Ensuring Healthier Hearts
Inductee StoriesDate April 15, 2019
Est. Reading Time 2 mins
Meet 2019 NIHF Inductees John Baer, Karl H. Beyer Jr., Frederick C. Novello and James Sprague!
We are honored to have John E. Baer, Karl H. Beyer Jr., Frederick C. Novello and James M. Sprague join the National Inventors Hall of Fame® (NIHF).
The Invention
The development of thiazide diuretics, the first class of drugs used to safely and effectively treat hypertension, or high blood pressure, made a lifesaving impact in the 1950s.
Chlorothiazide entered the market in 1958. This was the first FDA-approved diuretic to inhibit reabsorption of sodium and chloride ions in the kidneys without upsetting electrolyte balance, giving physicians a new and better way to reduce the risk of heart attacks and heart failure by lowering blood pressure.
The Inventors
John Baer, Karl Beyer Jr., James Sprague and Frederick Novello developed chlorothiazide, while working at Merck & Co., Inc.
During the 1950s, heart disease was a leading cause of death in the U.S., and many of the medications prescribed to patients were difficult to use and had toxic side effects. There was an urgent need for safe, effective drugs to treat the conditions associated with heart disease found in millions of Americans.

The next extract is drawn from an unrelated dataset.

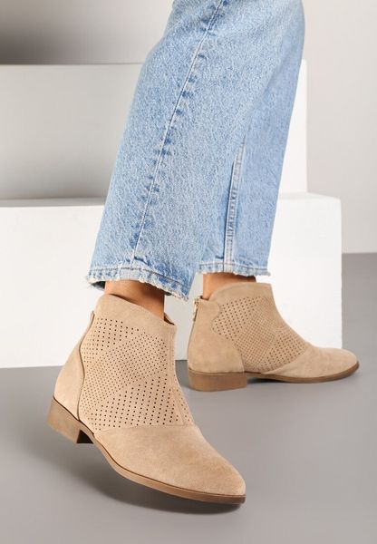 Beżowe Botki Ażurowe Vices z Imitacji Zamszu Selandria

Beyer, a pharmacologist and physician, put forward a hypothesis for a better diuretic solution for hypertension. Sprague, an organic chemist, found the chemical compounds that could overcome the sodium absorption issues presented by many drugs used at the time. Baer, a pharmacologist, directed the testing and clinical trials, and Novello, an organic chemist, synthesized chlorothiazide and further developed the thiazide class of anti-hypertensive diuretics.
The Impact
Thiazide diuretics like chlorothiazide offered a safe alternative to the drugs of the 1950s. As early as 1959, the American Heart Association and the National Institutes of Health reported declining death rates resulting from cardiac events, which they partly attributed to the new thiazide antihypertensives. In 1967, a landmark study of Veterans Administration patients with high blood pressure showed that thiazides dramatically reduced cardiovascular events, hospitalization and sudden death by more than 90 percent.
Baer, Beyer, Novello and Sprague were honored with the Lasker Foundation Special Public Health Award for the development of thiazide diuretics.
The group will join the ranks of other global innovators in the National Inventors Hall of Fame during the 2019 Induction Ceremony on May 2.